After failing to move the chains with its first response, the applicant filed its second response. It argued that the genus of goods is not “college football playoffs” but instead simply “football.” It also argued that the public does not use the COLLEGE FOOTBALL mark to refer to “entertainment services.” Notably, the applicant provided no evidence to support this claim. With regard to potential acquired distinctiveness, the applicant submitted evidence that its twitter account had over 30,000 followers, its Facebook page had more than 200,000 fans, and noted the numerous news articles referencing the upcoming college football playoff. Besides, the applicant argued, third-parties could use a number of other names for a “college football series,” such as “Collegiate Football Tournament,” “College Football Showdown,” [and] “University Football Series.”

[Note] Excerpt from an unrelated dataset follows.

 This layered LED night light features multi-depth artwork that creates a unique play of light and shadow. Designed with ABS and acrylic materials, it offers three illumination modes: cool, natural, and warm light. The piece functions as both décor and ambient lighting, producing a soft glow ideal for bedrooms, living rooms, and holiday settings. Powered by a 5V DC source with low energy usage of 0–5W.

It was a good effort, but ultimately unsuccessful as the Examiner issued a final refusal on August 26, 2014. The examiner noted again that the phrase “college football” is in the identification of services and therefore the proper genus is not simply “football.” The Examiner also noted that the evidence supplied by the applicant makes clear that its mark will be used to identify “those college football games that come after the end of the regular scheduled season that will be used to determine the college football champion.” The examiner also rejected the evidence of acquired distinctiveness, stating that it merely showed that college football itself was popular, not that the mark had obtained acquired distinctiveness.

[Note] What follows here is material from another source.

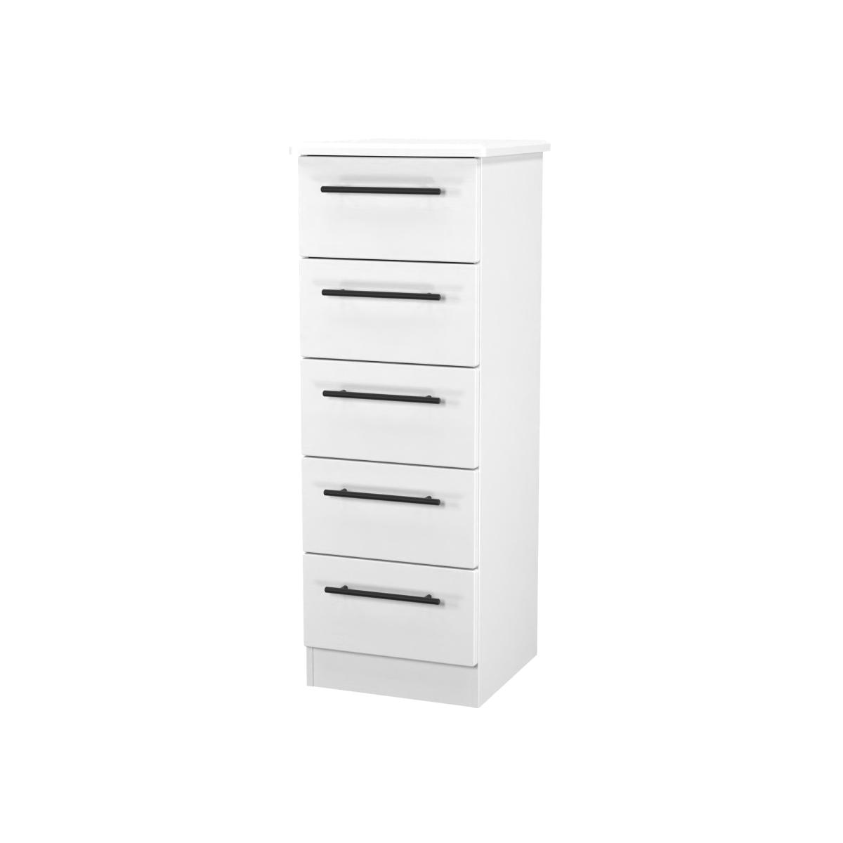 Beverley Ready Assembled 5 Drawer Tallboy - White Ash

BCS Properties will have another shot at filing a response to try to change the examiner’s mind. Unfortunately though, the application may have been doomed as soon as the name was chosen. It seems like ages ago, but after the announcement of the new name, there were laughs had as to the less-than-creative name (for example, here, here, and here). Most of the chuckling was that the BCS paid a marketing firm to come up with the name (Premier Sports Management, for the curious). For what it’s worth, I don’t blame the marketing firm. As some of the articles point out, after the BCS era, the goal may have been to simply find a name that the public couldn’t trash.

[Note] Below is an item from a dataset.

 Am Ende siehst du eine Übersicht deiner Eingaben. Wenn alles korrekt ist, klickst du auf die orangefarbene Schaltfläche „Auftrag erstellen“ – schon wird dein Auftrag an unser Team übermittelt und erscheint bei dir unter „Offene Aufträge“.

But even though the hurdle was going to be high, the applicant got off to a false start by including the phrase “college football” in the actual identification of services. The fact that the applicant’s director was quoted as stating that the College Football Playoff name was chosen “because that’s what it is” certainly doesn’t help either.
Yet it isn’t a lost cause. These types of office actions require thoughtful and well-planned arguments, and that planning begins with the application (i.e., not digging yourself a hole). Trademark examination is a unique situation as it isn’t adversarial in the same sense of a lawsuit. Instead, the examiner is both the adversary and the judge. In light of this, organization and word choice can make or break a response, in part because trademark law requires a highly subjective analysis. It isn’t about “tricking” an examiner, it’s about defining and framing the legal inquiries and burdens in a way that makes sense with your particular facts.
The applicant has until February 6, 2015 to respond to the final office action. This gives the applicant additional time to gather evidence regarding public understanding and use of the claimed COLLEGE FOOTBALL PLAYOFF mark. However, I’ve got a feeling that even if BCS is unsuccessful at changing the examiner’s mind, the game will extend into overtime at the Trademark Trial and Appeal Board.